** Opening Information shown block **
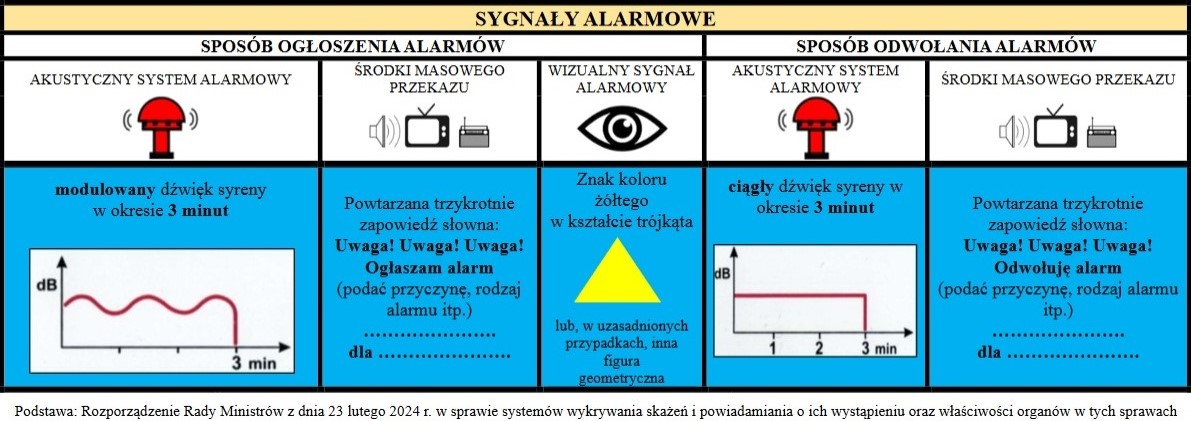 - sygnał akustyczny: ciągły dźwięk syreny w okresie trzech minut,
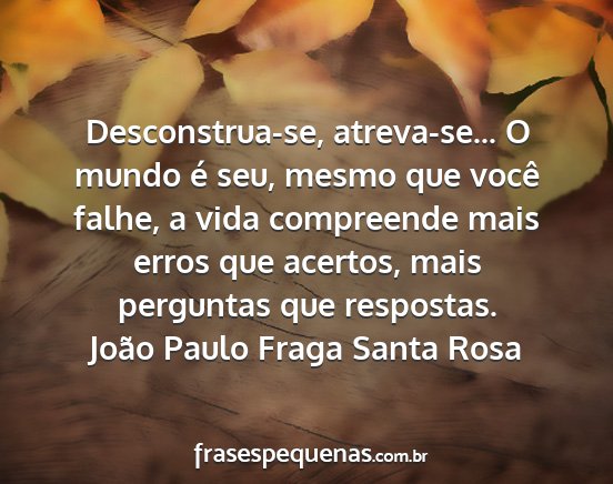 Desconstrua-se, atreva-se... O mundo é seu, mesmo que você falhe, a vida compreende mais erros que acertos, mais perguntas que respostas.João Paulo Fraga Santa Rosa
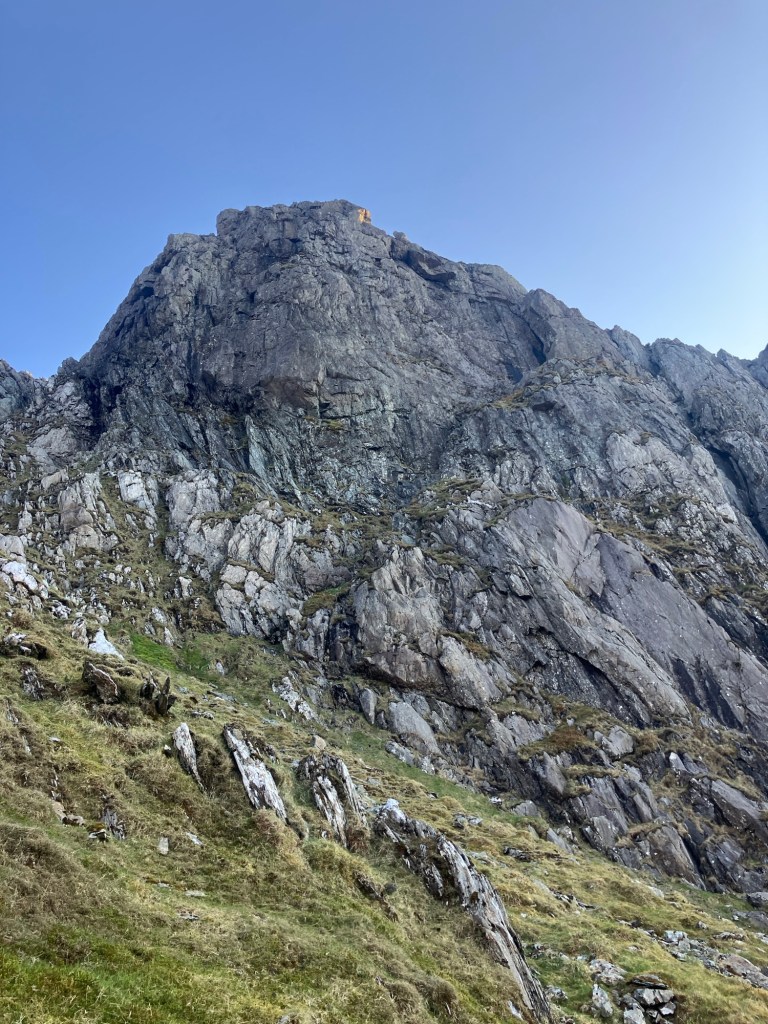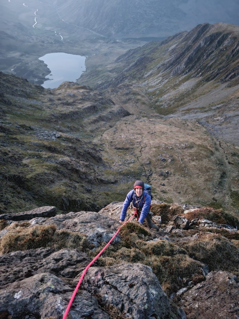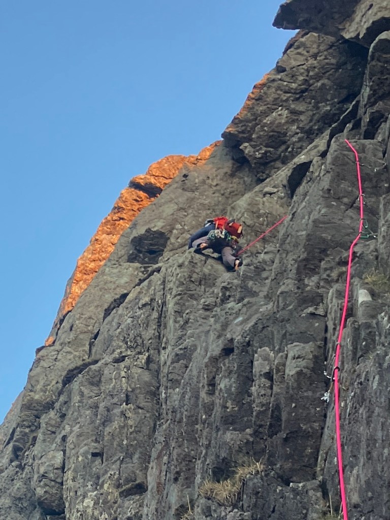 The belay was terrific. A hanging stance at the end of a small grassy ledge. Below us the crag dropped away for what felt like hundreds metres, giving us some sensational exposure. On another day, I’d have taken a photo to soak up the. View and experience, but instead we made a ‘formula one’ style rapid change over, sorted the gear and re-racked the ropes.
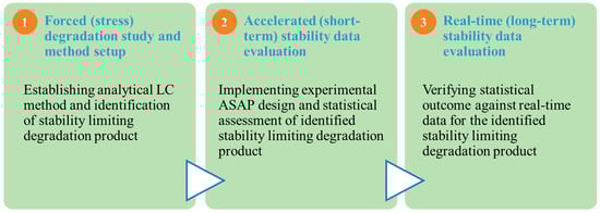 During stability studies, specific environmental conditions are applied for a predetermined period of time. Conventional stability studies are carried out as stated in the International Council for Harmonisation quality guidelines (ICH Q1A [R2]) []. In the product development cycle, protocol-driven, long-term stability testing requires a significant amount of time and resources, and involves substantial costs. The health authorities encourage the exploration and implementation of alternative approaches to support stability studies. Over the past few years, many such science- and risk-based approaches have been developed, particularly for solid drug products [,,,,,,,,]. In the last decade, the International Consortium for Innovation and Quality in Pharmaceutical Development (IQ) formed a working group to focus on and build a roadmap for the use of Risk-Based Predictive Stability (RBPS) tools. The working group discussed several case studies that are used during the regulatory submission process. Considering the acceptance from many regulatory authorities, it is clear that future stability designs will utilize predictive stability approaches to support the traditional ICH stability program [,,]. Waterman provided an overview of the application of the Accelerated Stability Assessment Program (ASAP) for predicting the shelf life of a solid oral drug formulation []. Since then, the ASAPprime software, version 6.0, has been widely implemented in the pharmaceutical industry to support accelerated stability testing of compounds, particularly for small molecules. Based on the understanding that it takes longer for molecules to degrade under mild conditions, the approach of the ASAP is to mimic the chemical drug degradation process using accelerated conditions.
** Closing Information shown block **
**Task statement**
Output exactly those lines of the data above that run from the line with "Desconstrua-se, atreva-se... O" up to and including the line with "The belay was". No pictures go in.

**Solution to this exercise**
 Desconstrua-se, atreva-se... O mundo é seu, mesmo que você falhe, a vida compreende mais erros que acertos, mais perguntas que respostas.João Paulo Fraga Santa Rosa
 The belay was terrific. A hanging stance at the end of a small grassy ledge. Below us the crag dropped away for what felt like hundreds metres, giving us some sensational exposure. On another day, I’d have taken a photo to soak up the. View and experience, but instead we made a ‘formula one’ style rapid change over, sorted the gear and re-racked the ropes.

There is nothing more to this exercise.